--- Available records ---

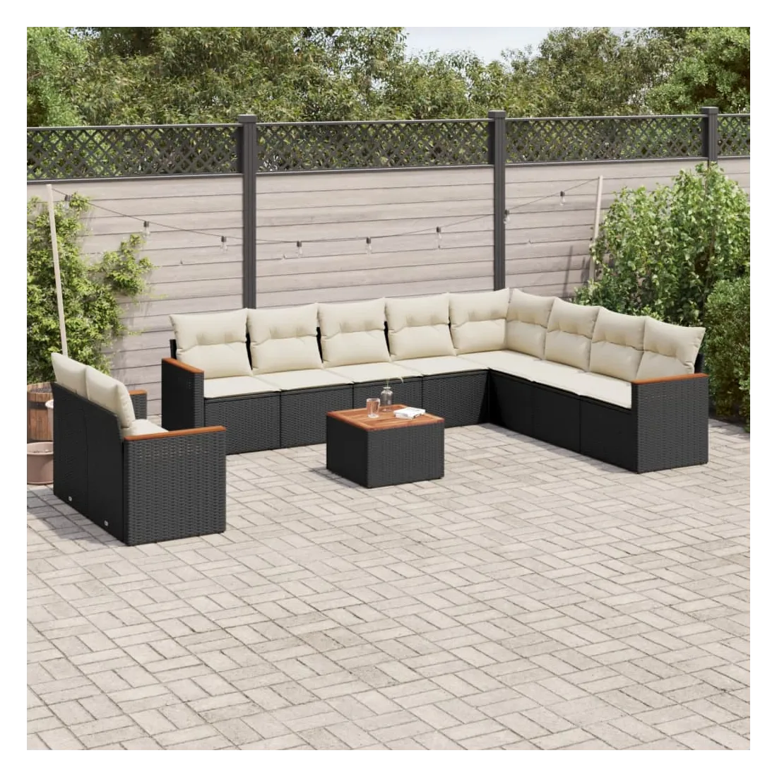 Cet ensemble de canapés de jardin est le complément parfait de votre arrière-cour, terrasse ou patio, offrant un espace confortable et accueillant pour discuter avec la famille et les amis ou simplement se détendre et profiter de l'extérieur. Matériau durable : la résine tressée, également connue sous le nom de poly rotin, est un matériau synthétique solide et nécessitant peu d'entretien qui ressemble au rotin naturel. Il est léger, facile à nettoyer et couramment utilisé pour les meubles d'extérieur en raison de sa durabilité et de ses propriétés de résistance aux intempéries.Dessus stable et facile à nettoyer : cette table de jardin a un dessus en bois d'acacia robuste, durable et facile à nettoyer avec un chiffon humide.Housse amovible et lavable : ces coussins de siège sont dotés de housses amovibles pour un lavage et un entretien faciles.Cadre robuste et stable : le cadre en acier enduit de poudre assure la solidité et la stabilité du meuble de jardin pour une utilisation quotidienne à l'extérieur.Conception modulaire : cet ensemble de meubles d'extérieur a une conception modulaire, ce qui le rend complètement flexible et facile à déplacer, afin que vous puissiez créer un agencement de meubles d'extérieur personnalisé. Bon à savoir :Pour que vos meubles d'extérieur restent beaux, nous vous recommandons de les protéger avec une housse imperméable.
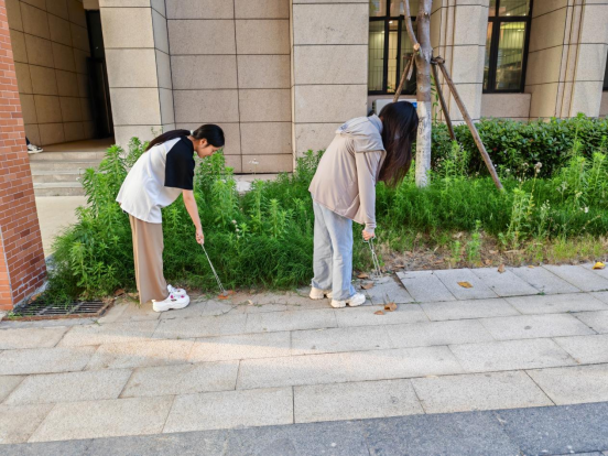 在活动中,同学们积极参与,热情高涨。大家分工合作,积极主动地捡起道路边和草丛中的垃圾,将各类垃圾投放进学校垃圾回收处的大垃圾桶中;用扫帚扫除堆积起来的落叶;清理砖缝中杂草,不放过任何一个卫生死角,用自己的实际行动为校园环境增添了一份清新与暖意。
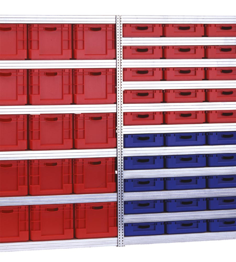 ∙ Das Großfachsteckregalsystem ist aufgrund seiner durchdachten Konstruktionsweise ganz besonders für die Einlagerung von schweren Lasten geeignet ∙ Als modulares Stecksystem bietet es vielfache Anwendungsmöglichkeiten für sperrige und voluminöse Teile ∙ Durch Grund- und Anbaufelder lässt sich das System als Schwerlastregal allen gewünschten Anforderungen anpassen ∙ Durch den Einsatz von Paneelen als Fachbodenebene ist eine Fachlast bis 350 kg und eine Feldlast bis 3500 kg möglich ∙ Die Geometrie der Stufenbalken garantiert eine stabile und verwindungsfreie Anwendung. Als Fachebenen werden Spanplatten (V20E1 hochverdichtet) oder Gitterroste eingesetzt ∙ Die hohen Fach- und Feldlasten sind bei allen Feldbreiten und Feldtiefen gewährleistet
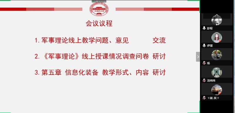 为贯彻落实本科教育大会精神,提升教育教学质量水平,确保疫情期间“停课不停学,学习不延期”,新葡萄《军事理论》课教学团队自2月17日正式启动线上教学,并于3月15日开展了为期2周的线上教研工作。通过分组精备精讲、导师跟踪听课、发放电子问卷、问题交流研讨等环节,确保课程质量和教学效果。
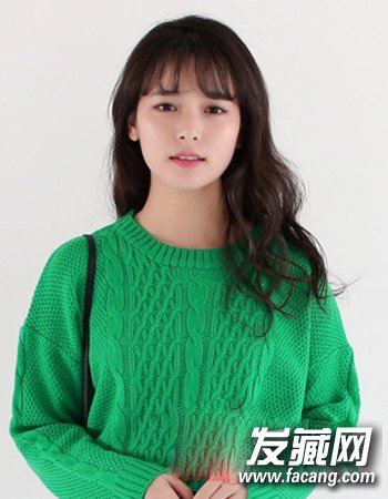 ,同样是清新的空气感齐刘海的设计,而与这种蓬松式的中长发烫发相搭更显女生的清纯气质风。

---

• What you are asked to do: Return the whole listing, word for word, and leave out every picture.

• Exercise output:
 Cet ensemble de canapés de jardin est le complément parfait de votre arrière-cour, terrasse ou patio, offrant un espace confortable et accueillant pour discuter avec la famille et les amis ou simplement se détendre et profiter de l'extérieur. Matériau durable : la résine tressée, également connue sous le nom de poly rotin, est un matériau synthétique solide et nécessitant peu d'entretien qui ressemble au rotin naturel. Il est léger, facile à nettoyer et couramment utilisé pour les meubles d'extérieur en raison de sa durabilité et de ses propriétés de résistance aux intempéries.Dessus stable et facile à nettoyer : cette table de jardin a un dessus en bois d'acacia robuste, durable et facile à nettoyer avec un chiffon humide.Housse amovible et lavable : ces coussins de siège sont dotés de housses amovibles pour un lavage et un entretien faciles.Cadre robuste et stable : le cadre en acier enduit de poudre assure la solidité et la stabilité du meuble de jardin pour une utilisation quotidienne à l'extérieur.Conception modulaire : cet ensemble de meubles d'extérieur a une conception modulaire, ce qui le rend complètement flexible et facile à déplacer, afin que vous puissiez créer un agencement de meubles d'extérieur personnalisé. Bon à savoir :Pour que vos meubles d'extérieur restent beaux, nous vous recommandons de les protéger avec une housse imperméable.
 在活动中,同学们积极参与,热情高涨。大家分工合作,积极主动地捡起道路边和草丛中的垃圾,将各类垃圾投放进学校垃圾回收处的大垃圾桶中;用扫帚扫除堆积起来的落叶;清理砖缝中杂草,不放过任何一个卫生死角,用自己的实际行动为校园环境增添了一份清新与暖意。
 ∙ Das Großfachsteckregalsystem ist aufgrund seiner durchdachten Konstruktionsweise ganz besonders für die Einlagerung von schweren Lasten geeignet ∙ Als modulares Stecksystem bietet es vielfache Anwendungsmöglichkeiten für sperrige und voluminöse Teile ∙ Durch Grund- und Anbaufelder lässt sich das System als Schwerlastregal allen gewünschten Anforderungen anpassen ∙ Durch den Einsatz von Paneelen als Fachbodenebene ist eine Fachlast bis 350 kg und eine Feldlast bis 3500 kg möglich ∙ Die Geometrie der Stufenbalken garantiert eine stabile und verwindungsfreie Anwendung. Als Fachebenen werden Spanplatten (V20E1 hochverdichtet) oder Gitterroste eingesetzt ∙ Die hohen Fach- und Feldlasten sind bei allen Feldbreiten und Feldtiefen gewährleistet
 为贯彻落实本科教育大会精神,提升教育教学质量水平,确保疫情期间“停课不停学,学习不延期”,新葡萄《军事理论》课教学团队自2月17日正式启动线上教学,并于3月15日开展了为期2周的线上教研工作。通过分组精备精讲、导师跟踪听课、发放电子问卷、问题交流研讨等环节,确保课程质量和教学效果。
 ,同样是清新的空气感齐刘海的设计,而与这种蓬松式的中长发烫发相搭更显女生的清纯气质风。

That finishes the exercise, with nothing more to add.